Pero si pongo el disco rigido en otra maquina inicia normalmente


----------



## nasaserna (Abr 13, 2015)

hablo es de si esta en el modo sata nativo o raid, o ide


----------



## julian403 (Abr 16, 2015)

Para no abrir otro tema ya que estamos hablando del samsung RV511. Ahi pude instalar el sistema operativo. La pantalla sigue con un tono verdoso y no se arregla ya le cambié el cable flex y nada y la conecto a una pantalla externa y se ve bien por lo que la placa de video no es. Por ende supongo que es el la pantalla. ¿estoy en lo correcto? porque no quiero gastar esa plata y que no sea. Estoy 99% seguro que si ¿que me dicen? 

Se tarda demasiado en entrar al sistema operativo eso sí. La bios no muestra la opcion de sata nativo o raid o ide. Me parece que es eso pero no sé como configurarlo porque en la bios no aparece.


----------



## tiago (Abr 17, 2015)

Pfff... Yo te diría: La pantalla puede estar fallando de la lámpara, aunque cuando ésta se deteriora, el tono que arroja es rojizo, como el de un atardecer, pero si manifiesta problema con el S.O. podemos descartar fallos de lámpara.
Lo ideal sería probar con otro panel y verificar la integridad del LCD, pero si no tienes ...

También puede ser problema del chip gráfico, lo cual explicaría el tono verdoso y la lentitud de Windows.
Prueba a entrar en modo a prueba de errores, no te vas a librar del color verdoso, pero Windows debe entrar fluído.



julian403 dijo:


> la conecto a una pantalla externa y se ve bien por lo que la placa de video no es.
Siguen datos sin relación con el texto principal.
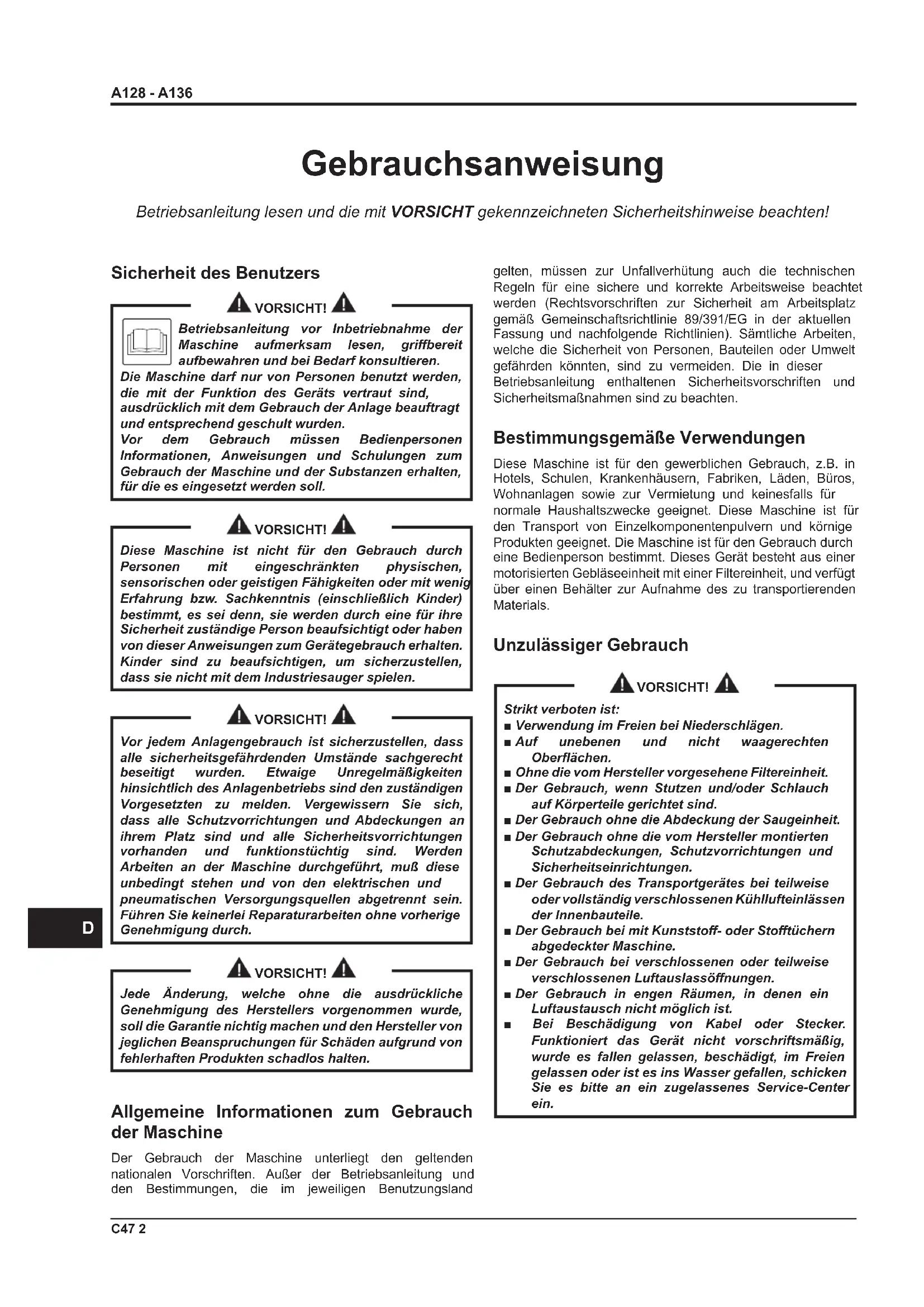 Gebrauchsanweisung gelten, müssen zur Unfallverhütung auch die technischen Regeln für eine sichere und korrekte Arbeitsweise beachtet werden (Rechtsvorschriften zur Sicherheit am Arbeitsplatz gemäß Gemeinschaftsrichtlinie 89/391/EG in der aktuellen Fassung und nachfolgende Richtlinien). Sämtliche Arbeiten, welche die Sicherheit von Personen, Bauteilen oder Umwelt gefährden könnten, sind zu vermeiden. Die in dieser Betriebsanleitung enthaltenen Sicherheitsvorschriften und Sicherheitsmaßnahmen sind zu beachten. Bestimmungsgemäße Verwendungen Diese Maschine ist für den gewerblichen Gebrauch, z.B. in Hotels, Schulen, Krankenhäusern, Fabriken, Läden, Büros, Wohnanlagen sowie zur Vermietung und keinesfalls für normale Haushaltszwecke geeignet. Diese Maschine ist für den Transport von Einzelkomponentenpulvern und körnige Produkten geeignet. Die Maschine ist für den Gebrauch durch eine Bedienperson bestimmt. Dieses Gerät besteht aus einer motorisierten Gebläseeinheit mit einer Filtereinheit, und verfügt über einen Behälter zur Aufnahme des zu transportierenden Materials. Unzulässiger Gebrauch VORSICHT! Strikt verboten ist: ■ Verwendung im Freien bei Niederschlägen. ■ Auf unebenen und nicht waagerechten Oberächen. ■ Ohne die vom Hersteller vorgesehene Filtereinheit. ■ Der Gebrauch, wenn Stutzen und/oder Schlauch auf Körperteile gerichtet sind. ■ Der Gebrauch ohne die Abdeckung der Saugeinheit. ■ Der Gebrauch ohne die vom Hersteller montierten Schutzabdeckungen, Schutzvorrichtungen und Sicherheitseinrichtungen. ■ Der Gebrauch des Transportgerätes bei teilweise oder vollständig verschlossenen Kühllufteinlässen der Innenbauteile. ■ Der Gebrauch bei mit Kunststo- oder Stotüchern abgedeckter Maschine. ■ Der Gebrauch bei verschlossenen oder teilweise verschlossenen Luftauslassönungen. ■ Der Gebrauch in engen Räumen, in denen ein Luftaustausch nicht möglich ist. ■ Bei Beschädigung von Kabel oder Stecker. Funktioniert das Gerät nicht vorschriftsmäßig, wurde es fallen gelassen, beschädigt, im Freien gelassen oder ist es ins Wasser gefallen, schicken Sie es bitte an ein zugelassenes Service-Center ein. Betriebsanleitung lesen und die mit VORSICHT gekennzeichneten Sicherheitshinweise beachten! Sicherheit des Benutzers VORSICHT! Betriebsanleitung vor Inbetriebnahme der Maschine aufmerksam lesen, gribereit aufbewahren und bei Bedarf konsultieren. Die Maschine darf nur von Personen benutzt werden, die mit der Funktion des Geräts vertraut sind, ausdrücklich mit dem Gebrauch der Anlage beauftragt und entsprechend geschult wurden. Vor dem Gebrauch müssen Bedienpersonen Informationen, Anweisungen und Schulungen zum Gebrauch der Maschine und der Substanzen erhalten, für die es eingesetzt werden soll. VORSICHT! Diese Maschine ist nicht für den Gebrauch durch Personen mit eingeschränkten physischen, sensorischen oder geistigen Fähigkeiten oder mit wenig Erfahrung bzw. Sachkenntnis (einschließlich Kinder) bestimmt, es sei denn, sie werden durch eine für ihre Sicherheit zuständige Person beaufsichtigt oder haben von dieser Anweisungen zum Gerätegebrauch erhalten. Kinder sind zu beaufsichtigen, um sicherzustellen, dass sie nicht mit dem Industriesauger spielen. VORSICHT! Vor jedem Anlagengebrauch ist sicherzustellen, dass alle sicherheitsgefährdenden Umstände sachgerecht beseitigt wurden. Etwaige Unregelmäßigkeiten hinsichtlich des Anlagenbetriebs sind den zuständigen Vorgesetzten zu melden. Vergewissern Sie sich, dass alle Schutzvorrichtungen und Abdeckungen an ihrem Platz sind und alle Sicherheitsvorrichtungen vorhanden und funktionstüchtig sind. Werden Arbeiten an der Maschine durchgeführt, muß diese unbedingt stehen und von den elektrischen und pneumatischen Versorgungsquellen abgetrennt sein. Führen Sie keinerlei Reparaturarbeiten ohne vorherige Genehmigung durch. VORSICHT! Jede Änderung, welche ohne die ausdrückliche Genehmigung des Herstellers vorgenommen wurde, soll die Garantie nichtig machen und den Hersteller von jeglichen Beanspruchungen für Schäden aufgrund von fehlerhaften Produkten schadlos halten. Allgemeine Informationen zum Gebrauch der Maschine Der Gebrauch der Maschine unterliegt den geltenden nationalen Vorschriften. Außer der Betriebsanleitung und den Bestimmungen, die im jeweiligen BenutzungslandA128 - A136 3 C47

No tiene que ver. El chip gráfico usa diferentes zonas para el LCD y el Monitor externo. Probar que se vé por externo solamente demuestra que el equipo inicia el arranque correctamente, descartando: *micro, ram, bios, super I-O*, *fuentes secundarias*, etc ...

Saludos.


----------



## julian403 (Abr 17, 2015)

Gracias por tu respuesta pero no puedo entrar al modo seguro porque con F8 en el arranque no entra a las opciones.
¿cómo puedo hacer? 

Listo lo realicé por el msconfig, ahí les cuento. 

No sigue igual y se tarda en arrancar, la pantalla es lo de menos le voy a comprar otra ahora lo que me preocupa es que tarda mucho en arrancar el sistema y ya le reparé el inicio con fixboot y fixmbr en la consola de la reparación del instalador.


----------



## tiago (Abr 17, 2015)

¿No entra a las opciones? ... Entonces que pasa, que sigue tal cual el arranque ..?
A ver si te falla también el teclado, prueba con un teclado por USB.
Puedes forzar una situación arriesgada ... .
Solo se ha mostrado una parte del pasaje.